Do you make tests with rdma-core?

IMHO, it is important to make tests with rdma-core before the commit
is sent to the community.
Yes I did. However the issue shows up only when I configure an interface
not just when module is loading.  Anyways, my apologies.
Thanks.
In my test environment, it can pass rdma-core tests.
But in this commit, a lot of default maximum values are changed.
Not sure if this will cause other issues.

Please wait for others' comments.

Thank you
Zhu Yanjun
Shoaib
quoted
Zhu Yanjun
quoted
Regards,

Shoaib


On 7/18/21 12:46 PM, Shoaib Rao wrote:
quoted
Your urls are garbled, so I can not make any sense out of them.

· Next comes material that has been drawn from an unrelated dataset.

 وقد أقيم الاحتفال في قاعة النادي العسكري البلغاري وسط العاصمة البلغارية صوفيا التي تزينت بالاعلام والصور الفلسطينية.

[root@ca-dev141 linux]# git remote --v
origin
https://urldefense.com/v3/__https://git.kernel.org/pub/scm/linux/kernel/git/torvalds/linux.git__;!!ACWV5N9M2RV99hQ!dGmB_LFQF6at31F0sVXbfyjtAlgNTWzBEaIER13mVG0ZAWBomLdmWXUe6DxoVFcz$
(fetch)
origin
https://urldefense.com/v3/__https://git.kernel.org/pub/scm/linux/kernel/git/torvalds/linux.git__;!!ACWV5N9M2RV99hQ!dGmB_LFQF6at31F0sVXbfyjtAlgNTWzBEaIER13mVG0ZAWBomLdmWXUe6DxoVFcz$  (push)

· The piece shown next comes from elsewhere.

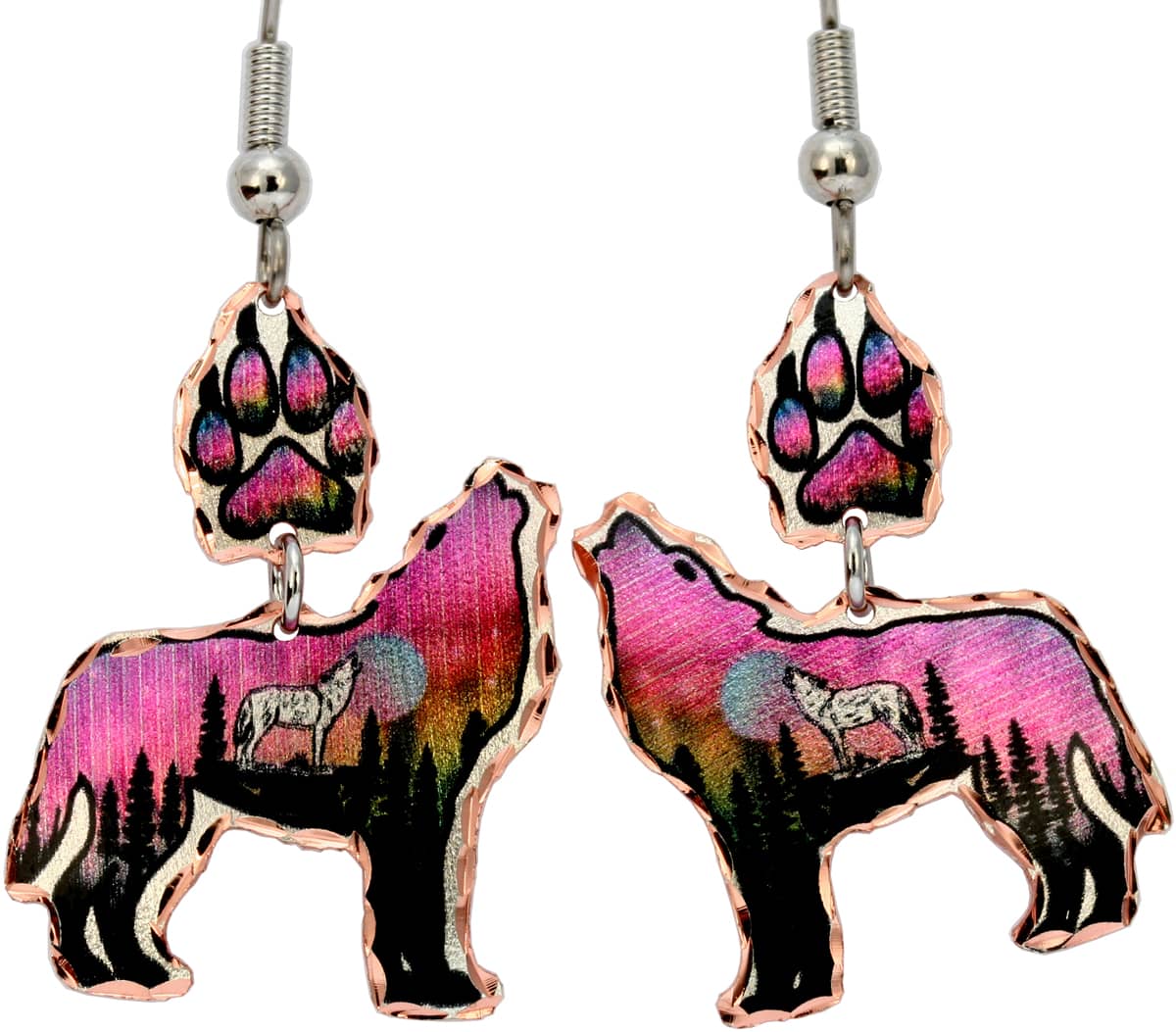 Dangle howling wolf and paws earrings are made from copper in cut-out wolf shape and paw with a wildlife Alaska scene. Buy unique dangle wolf earrings that are going to impress you with style and artwork. Earrings are lightweight unlike heavy cast earrings so you can wear them the whole day without hurting your ears. In Native Northwest culture, the wolf spirit represents successful hunting as well as the ability to work together for the common good of the group. Wolf paws are associated with authority, guidance, and leadership.

[root@ca-dev141 linux]# git show 8c1b4316c3fa
fatal: ambiguous argument '8c1b4316c3fa': unknown revision or path not
in the working tree.

[root@ca-dev141 linux]# git log --grep='RDMA/efa: Split hardware'
[root@ca-dev141 linux]#

[root@ca-dev141 linux]# git describe
v5.14-rc1-17-gc06676b5953b

You need to do a little bit more work on your end and tell me which
value rxe is complaining about. Also provide a kernel version that you
are using as I have provided above.

Shoaib

On 7/18/21 12:59 AM, Zhu Yanjun wrote:
quoted
On Sat, Jul 17, 2021 at 2:09 AM Shoaib Rao [off-list ref]
wrote:
quoted
On 7/15/21 9:07 PM, Zhu Yanjun wrote:

On Fri, Jul 16, 2021 at 12:44 AM Shoaib Rao [off-list ref]
wrote:

Following is a link

https://urldefense.com/v3/__https://marc.info/?l=linux-rdma&m=162395437604846&w=2__;!!ACWV5N9M2RV99hQ!f9TPWtgUxambtSeQ_L3h-IH7CW3SifyiumB3kjc2v_w6Ec_WYVtjWyusEtgQ60iw$


Or just search for my name in the archive.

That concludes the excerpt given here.